A significant number of investors saw their crypto accounts liquidated amid selling pressures observed in the early hours of Friday.
For the day, 137,446 traders were liquidated. The total liquidations come in at $517.24 million
The biggest single liquidation order occurred on Okex – ETH-USDT-SWAP valued at $3.30 million
Most crypto assets decreased in price after briefly decoupling from the rise in growth stock prices. The global crypto market stood at $1.18 trillion at the time of writing, down 5.35% over the previous day.
- As of last week, Bitcoin is down by 2% below $30K. It appears that the cryptocurrency is stabilizing after a sharp sell-off earlier this month. Over the past two weeks, it has been trading in a choppy range.
- Meanwhile, the S&P 500 recovered from oversold levels, reversing earlier losses. Despite short-term fluctuations, the 90-day correlation between bitcoin and stocks is still at an all-time high.
- Three separate incidents have occurred since the start of this week. In the first instance, BTC fell below $29,000 during the weekend as a result of the rejection. The same thing happened again the following weekend.

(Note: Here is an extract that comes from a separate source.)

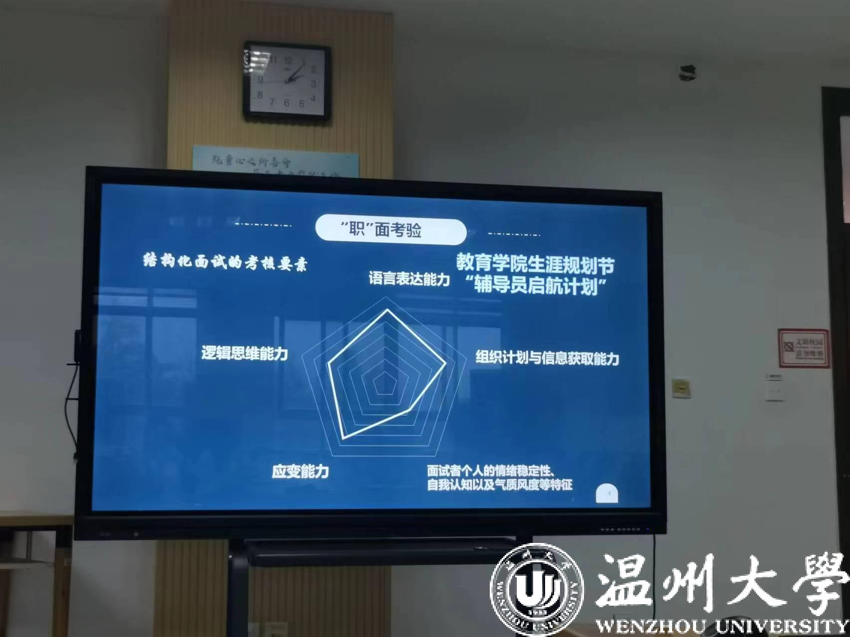 不仅如此,温大教育学院还特别邀请了温大生命与环境科学学院党委书记、副院长姜海燕副教授,从历年辅导员面试真题出发,手把手教同学们如何进行答题。姜老师是国家高级职业指导师、职业人才测评师,有多年的辅导员工作经验和面试经验。她不仅为同学们指出答题中的漏洞,提出更合适的优化建议,还总结系统性答题技巧……“太棒了!姜老师以面试官的视角带我体验了一次辅导员面试过程,也更好的发现自己的不足之处。”一位正在备考辅导员的研三学生说。

- On Thursday, Bitcoin again surpassed the $30K mark, an increase of almost $2,000 from the previous day. Unfortunately, this was also a temporary increase. It has since fallen below this mark. Bitcoin has struggled to hold on to the $29K mark.
- Despite the decline in market capitalization, the dominance of altcoins has increased to above 45%. The metric has now reached its highest level since October of last year.
- While bitcoin (BTC) remained mostly unchanged over the past 24 hours, tokens of the Solana (SOL) and Dogecoin (DOGE) protocols declined the most.
- Among major altcoins, Solana lost up to 8% amid a “risk-off” climate. Data from CoinGecko shows DOGE lost more than 5%, while BNB Chain’s BNB, Cardano’s ADA, and XRP went down relatively higher.
While the Federal Reserve’s rate-hike regime spurs volatility in the market and dampens previously-hot growth and speculative assets, investors once hot on crypto have also cooled on its prospects. This week, Scott Minerd, Chief Investment Officer of Guggenheim Partners, predicted Bitcoin would fall to $8,000. He once estimated that it might reach $400K.
This month, the collapse of Terra, a blockchain ecosystem that supported a major decentralized finance experiment, triggered wild contagion in an already bearish market. In spite of Terra’s operators passing a plan on Wednesday to start over on a new blockchain, investors in the rest of DeFi were less than convinced. The Ethereum network was made less energy-intensive due to a glitch.